YURI GONZAGA, ENVIADO ESPECIAL
BARCELONA, ESPANHA (FOLHAPRESS) – Para que a internet possa continuar a ser um meio de expressão livre, é preciso que ela tenha um juiz –um que seja parcimonioso e nada intrusivo.
A declaração é de Tom Wheeler, presidente do conselho da FCC (órgão análogo à Anatel nos EUA) e um dos principais responsáveis pela regulamentação da neutralidade de rede naquele país, cuja determinação aconteceu na quinta passada (26).
“A questão básica é: se a internet é a plataforma mais poderosa e atual para se expressar no planeta –o que eu acho que de fato é–, pode existir sem que haja um juiz?”, disse nesta terça (3). Em inglês, usou a palavra “referee”, que pode ser traduzida como árbitro.
Wheeler chegou a sugerir que haverá exceções em nome do “interesse público”, ao ser confrontado com as iniciativas que, em países pobres, permitem o uso de serviços como Wikipédia e do governo de graça (o que fere a neutralidade, já que os sites em questão são privilegiados).

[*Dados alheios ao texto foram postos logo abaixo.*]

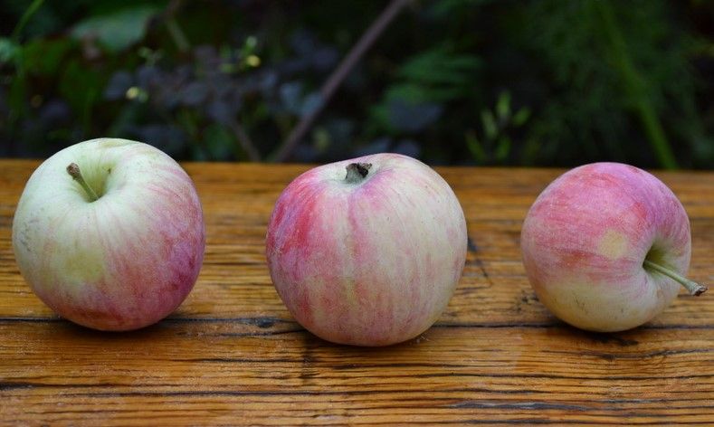 Плоды мелкие 50 – 130 г, форма округло-вытянутая. Поверхность плода гладкая, блестящая. Основная окраска светло-желтая, покровная – полосатый или размытый ярко-красный румянец.
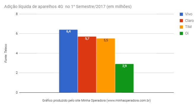 Vivo liderou em número de adições líquidas no 1° semestre desse ano com 6,4 milhões, seguido por Claro (5,7 milhões) e TIM (5,5 milhões).
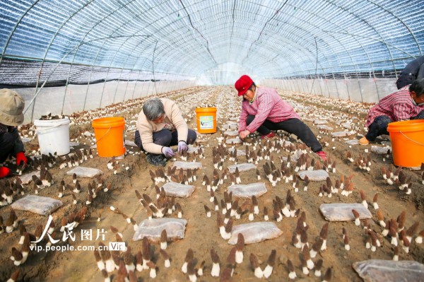 2026年3月7日,江苏省如皋市搬经镇羊肚菌种植基地迎来采收季,村民们抢抓农时,忙着采摘、分拣新鲜羊肚菌,供应市场。作为当地特色高效农业项目,羊肚菌种植既丰富农产品供给,又拓宽农户增收渠道,为乡村振兴注入强劲动力。徐慧摄(人民图片网)
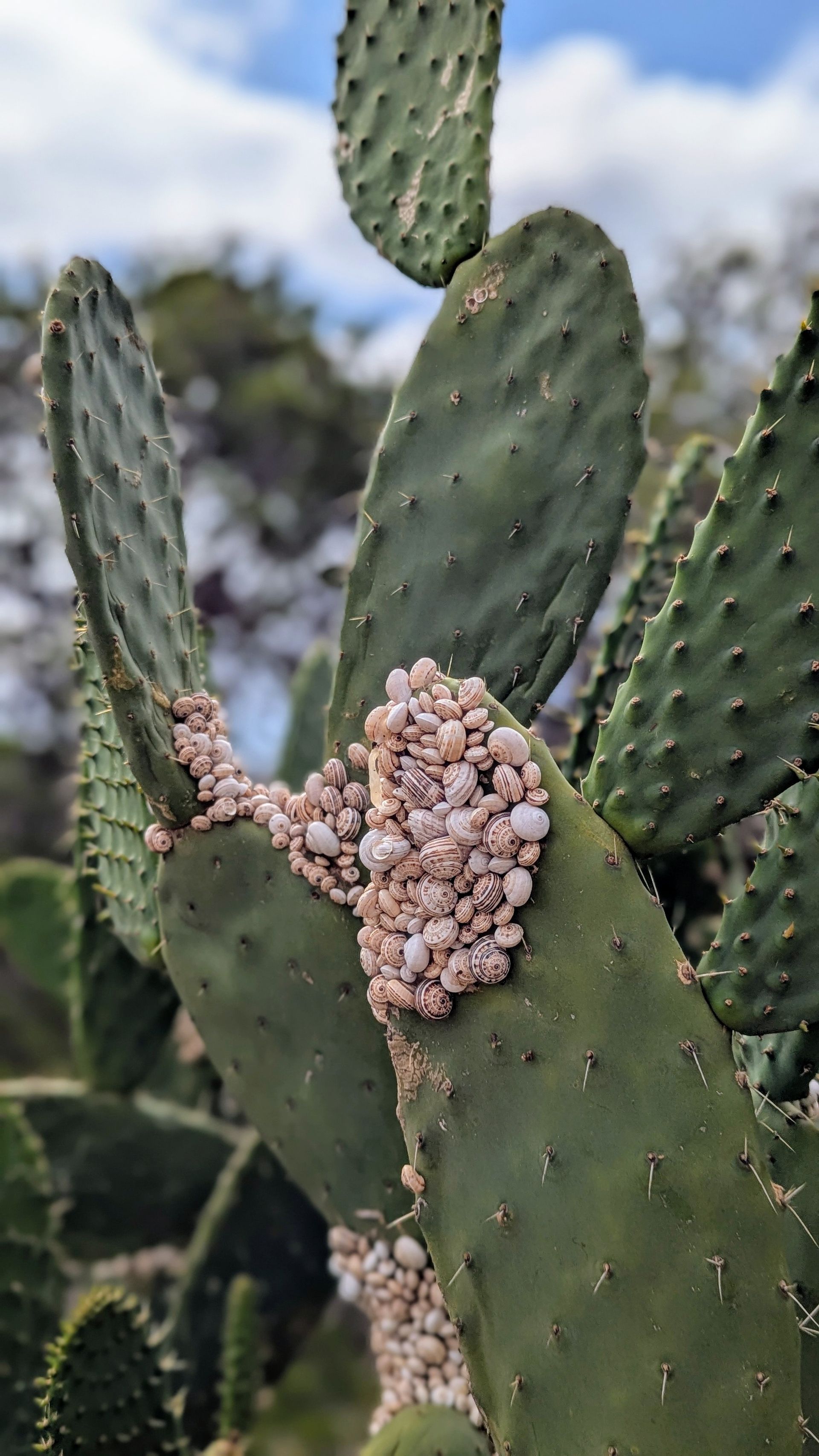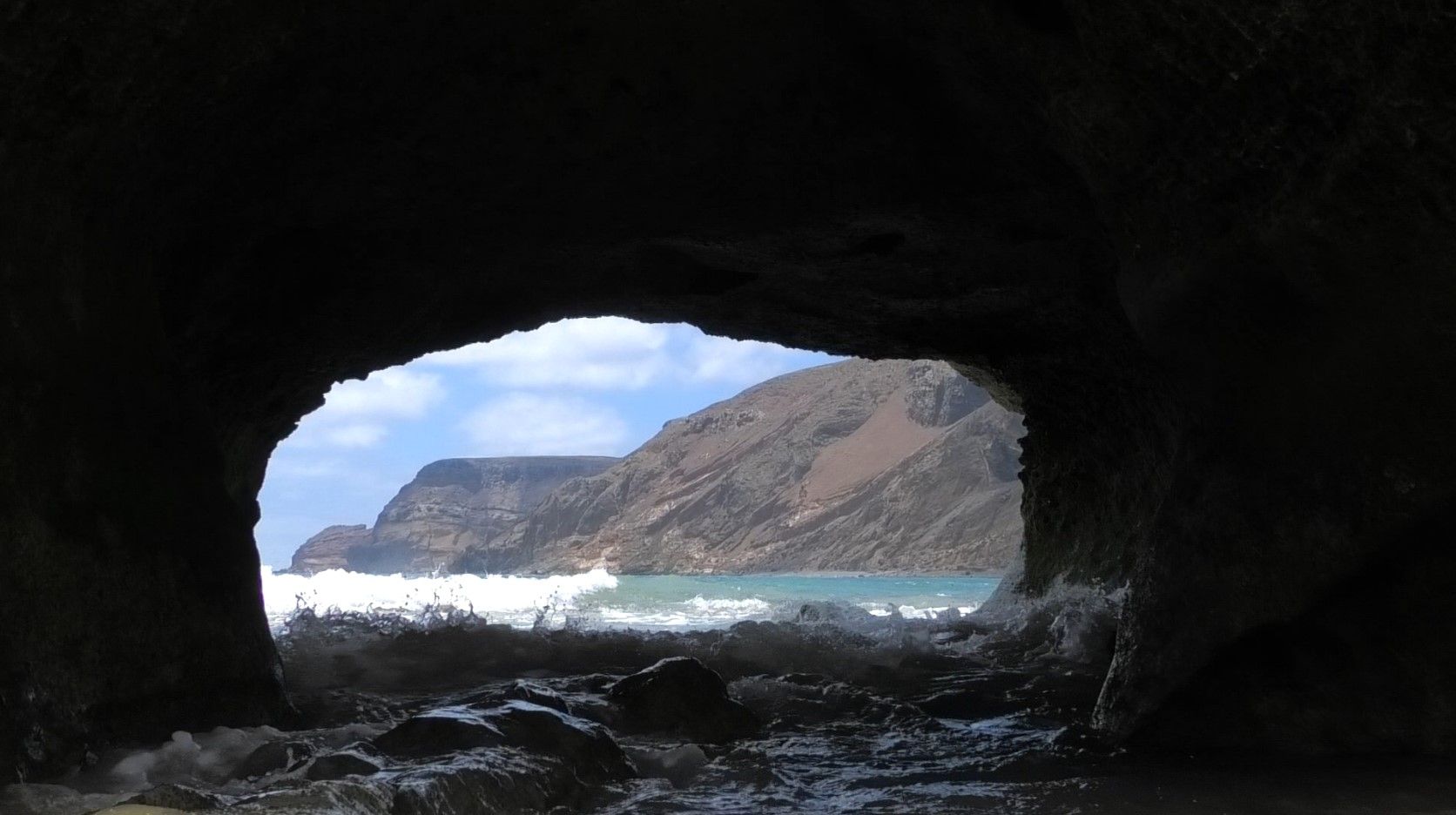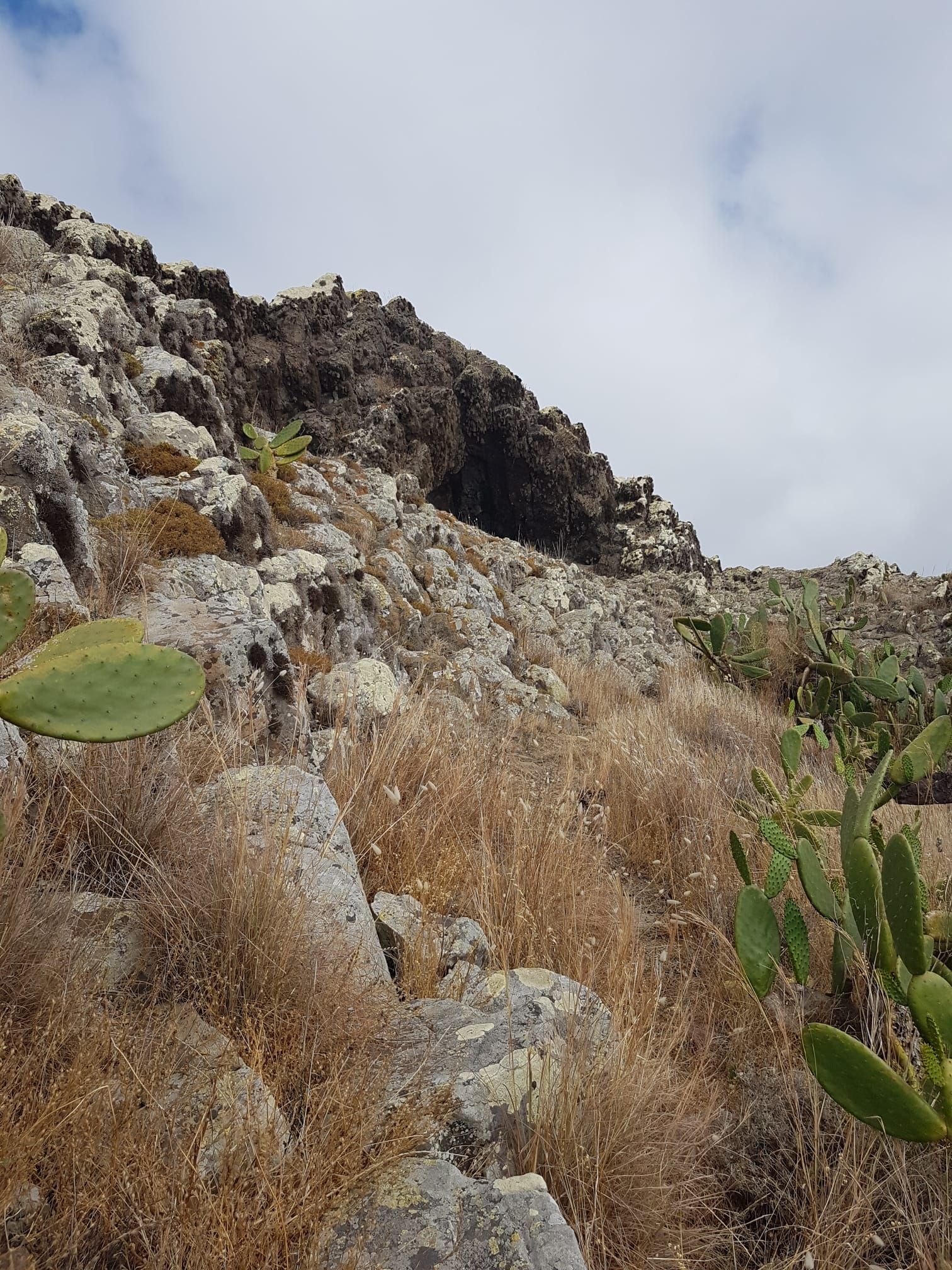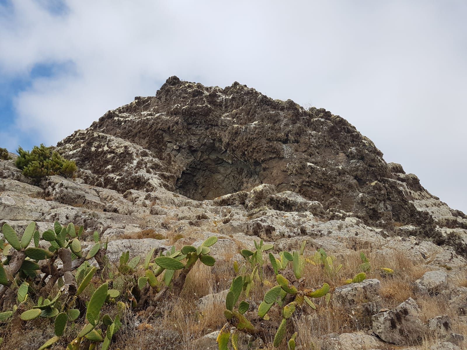 Sohnemann und ich warten, der Gatte schlägt sich bergauf durchs Unterholz und kämpft sich an den Kakteen vorbei, den Fels hinauf bis in die Höhle.

“Cada caso é um caso. É um juiz com uma régua, mas uma régua curta.”
Durante uma palestra no MWC (Mobile World Congress), mais importante evento mundial para as principais detratoras do conceito de neutralidade de rede, as operadoras de telecomunicação, em Barcelona, Wheeler foi pressionado pela entrevistadora e defendeu “sua” vitória, que pode ser tida como dele e de Barack Obama.
“Dizem que a votação foi apertada [foram três votos a dois no conselho da FCC], mas eu digo que tivemos 50% mais votos que eles”, brincou com a anfitriã Anne Bouverot, diretora-geral da GSMA, que organiza o evento. “Presidente Obama e eu somos defensores de longa data da internet aberta.”
Ele definiu os termos da determinação, ainda não publicados integralmente, como “pouco regulatórios” e “modernos” em resposta às críticas, segundo ele, “fatalistas”. “Pintam como se fosse um monopólio regulador, à moda antiga.”
Wheeler, que antes de assumir o cargo em novembro de 2013 na FCC (Federal Communications Comission) trabalhou no setor de telecomunicações, disse que o lucro das operadoras é de interesse do governo.
“Equilibramos o que quer o consumidor com o faturamento das empresas, já que estas precisam continuar investindo para que a estrutura chegue ao usuário.”
O antigo executivo está agora “vendendo” o modelo adotado pelos EUA para a governança da internet para outros países, como mostra uma reportagem desta terça do jornal “The New York Times”.
A decisão tem o poder de influenciar governos do mundo todo, o que é evidenciado também pela pressão das teles, mencionada por Wheeler ao periódico e clara na agressividade e sarcasmo de Bouverot durante a conversa.
LEILÕES
A diretora da GSMA, representante das teles principalmente na Europa, pressionou Wheeler para falar sobre dinheiro e o modelo dos EUA de leilão de frequências para difusão de dados.
Em perguntas longas e confusas, comparou o modelo chinês –que impõe condições às provedoras de serviço de celular, mas concede gratuitamente as frequências para que operem–, apresentado pela executiva como mais eficiente.
Wheeler não se delongou na resposta. “Eles têm o direito de fazer isso, mas não acho certo”, disse, afirmando que o objetivo dos leilões é chegar a um “preço justo” e que “incentive a concorrência”, e não “para ganhar dinheiro”.
No tema de internet por celular, o diretor da FCC afirmou que o 5G –próxima geração de conexão sem fio– é ainda “como um quadro de Picasso”. “Cada um vê uma coisa.”